Area of Law: Freedom of Information Act

Issue(s) Presented: Whether United States agency responses to FOIA requests, seeking documents related to the United Stated government's justification for a 2011 targeted drone strike killing three United States citizens in Yemen, one of whom the government claimed was a member of Al Qaeda, which refused to disclose responsive documents on grounds that they were classified, privileged, or met other FOIA exemptions and, in some cases, refused to admit or deny the existence of potentially responsive documents, were lawful?

Brief Summary: Plaintiffs, The New York Times, two of its reporters, and the American Civil Liberties Union, brought suit against the Department of Justice (DOJ), the Department of Defense, and the Central Intelligence Agency for failing to adequately respond to Freedom of Information Act (FOIA) requests for documents pertaining to the justification for the government's use of drone attacks that killed three American citizens in 2011. The United States District Court for the Southern District of New York granted the government's motion for summary judgment, dismissing the challenge to the FOIA responses, and the plaintiffs appealed.

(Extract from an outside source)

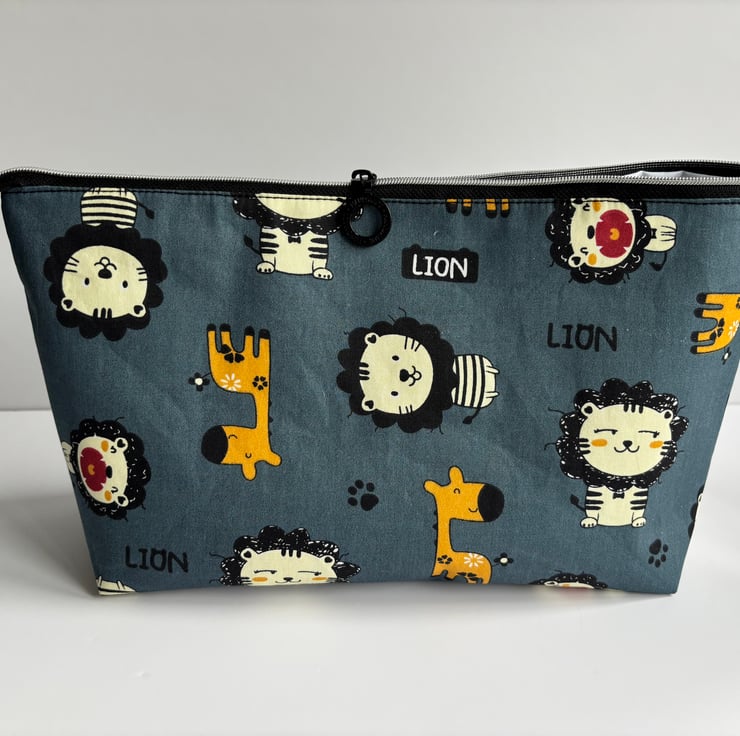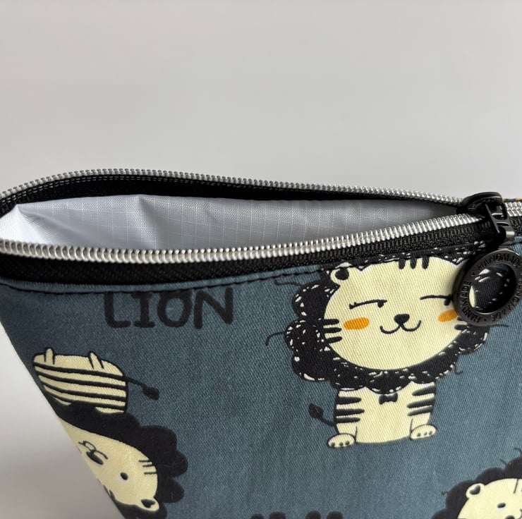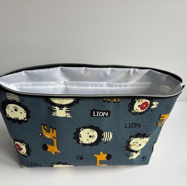 The trendy grey cotton exterior features adorable cartoon lions. The lining is a waterproof, white ripstop and the zip is black with silver coloured zip teeth and a stylish, black ring zip pull.
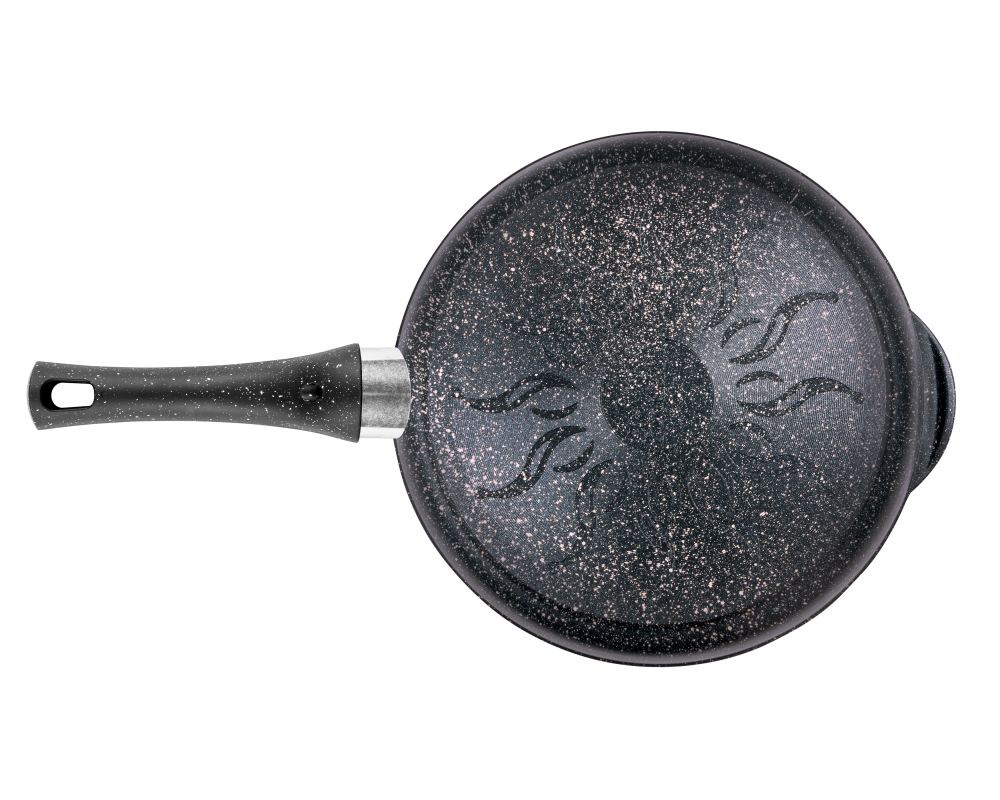 Сковорода изготовлена из высококачественного литого алюминия, который отличается исключительной долговечностью, равномерным нагревом и способностью сохранять тепло. Это способствует экономии энергии и ускоряет процесс приготовления пищи. Утолщенное дно обеспечивает равномерное распределение тепла, что положительно сказывается на качестве блюд.

The Second Circuit affirmed in part, reversed in part, and remanded the case, holding that the government should be required to disclose a classified memorandum prepared by the DOJ's Office of Legal Counsel setting out the legal justification for the drone killings and to submit certain indices of relevant documents to the district court for review of their privilege and exclusion claims.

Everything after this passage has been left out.